My mom was also big on eating out. She took my brother and me to eat at the Wimpy (fast food joint) from when we were really young, in the hope that this would train us to behave ourselves when we went out to good restaurants. Mostly, it worked – my bother no longer crawls under the table and I no longer want to steal the tomato-shaped ketchup bottles! My mom just adored eating out and unlike many mothers who leave their offspring at home when dining in fine restaurants, her ambition was to bring my brother and me along as soon as possible. Some of my most memorable meals out have been with my mom. The night we went to Chagall’s in Pretoria and had quenelle of fig and pigeon breasts. The night we were snubbed by an Austrian waiter at a smart restaurant in Vienna, had a glass of wine, walked out and ended up at an Italian restaurant drinking far too much Frascati and giggling ourselves silly. The night in Cape Town when we went to the restaurant at the Le Vendome Hotel and I had the best Caesar salad I’ve ever eaten. More often that not, we would either order the same thing or share dishes – we always joked that we could quite easily order for each other and get the choices spot-on. When she had to adopt a low-protein diet because of kidney problems, she saw this not as a disaster but as an excuse to get up close and personal with the vegetable platters of all the local restaurants. She always adored smoked salmon – in a salad, with poached or scrambled eggs, on a rosti or just on its own with brown bread. And when she went onto dialysis and suddenly had to incorporate more protein into her diet, she loved chateaubriand above all else.

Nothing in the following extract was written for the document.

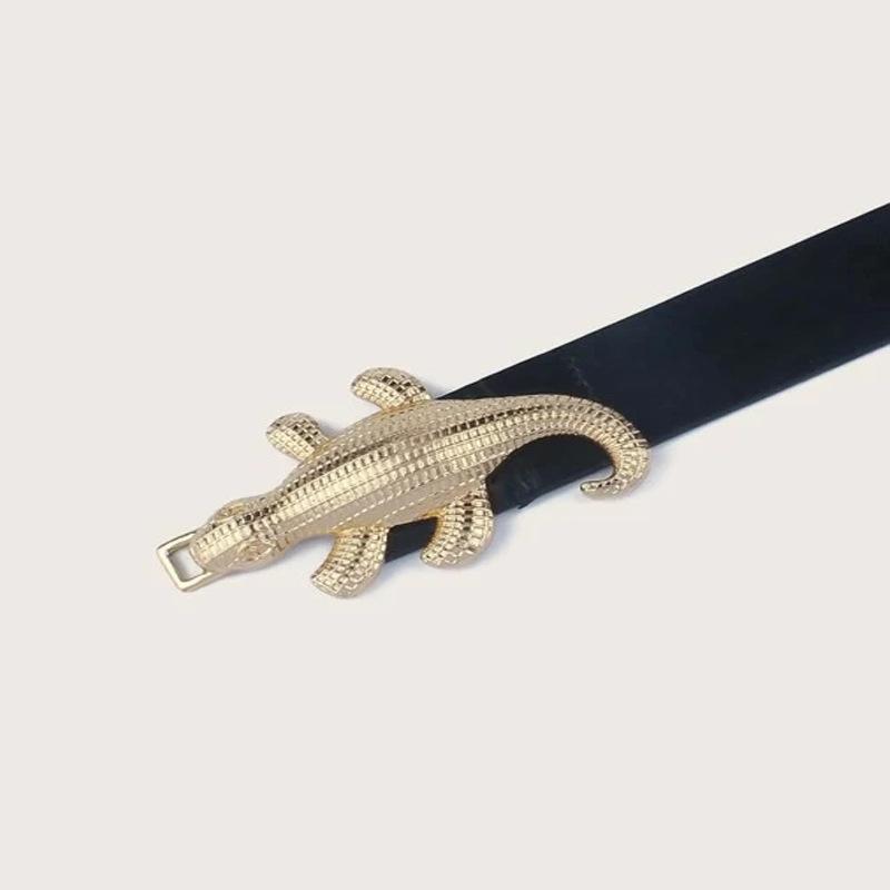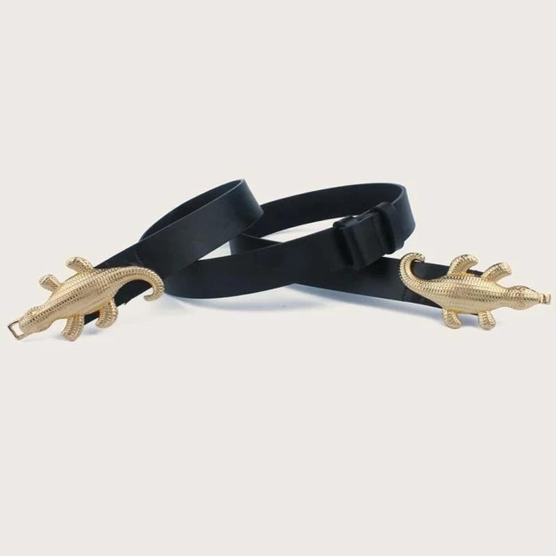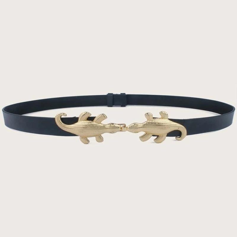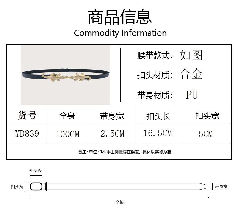 Cinturón fino de alta gama con diseño de cocodrilo transfronterizo para mujer, estilo ins, negro, decorativo, para jeans, con cinturón moderno.
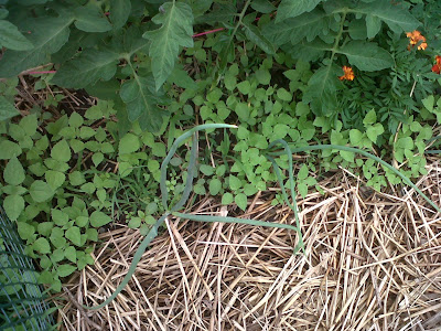 I've shown you photos of my massive weeds. I've since pulled them all. Twice. First I pulled them before laying down newspaper and straw. But I didn't do a particularly great job of laying down the newspaper first. And the weeds said a big eff you to me over that oops. The grew through the thick {but apparently not think enough} layer of straw. Plus I ran out of steam and straw. And had to leave the entire tomato portion (center) open as I had seeds growing on either side. Add to that rain, rain and more rain, which meant I wasn't at the garden daily.

Today was my mom’s 67th birthday. It was also the first birthday that I will not be able to celebrate with her in any way. The ravages of a genetic kidney disease stole my mentor, dinner date, travelling companion and best friend from me last October. It is one of my greatest regrets that she did not live to see this blog as I know she would have loved it. But even though she did not see it, her spirit infuses every word.
Happy birthday, Mamma. This one’s for you.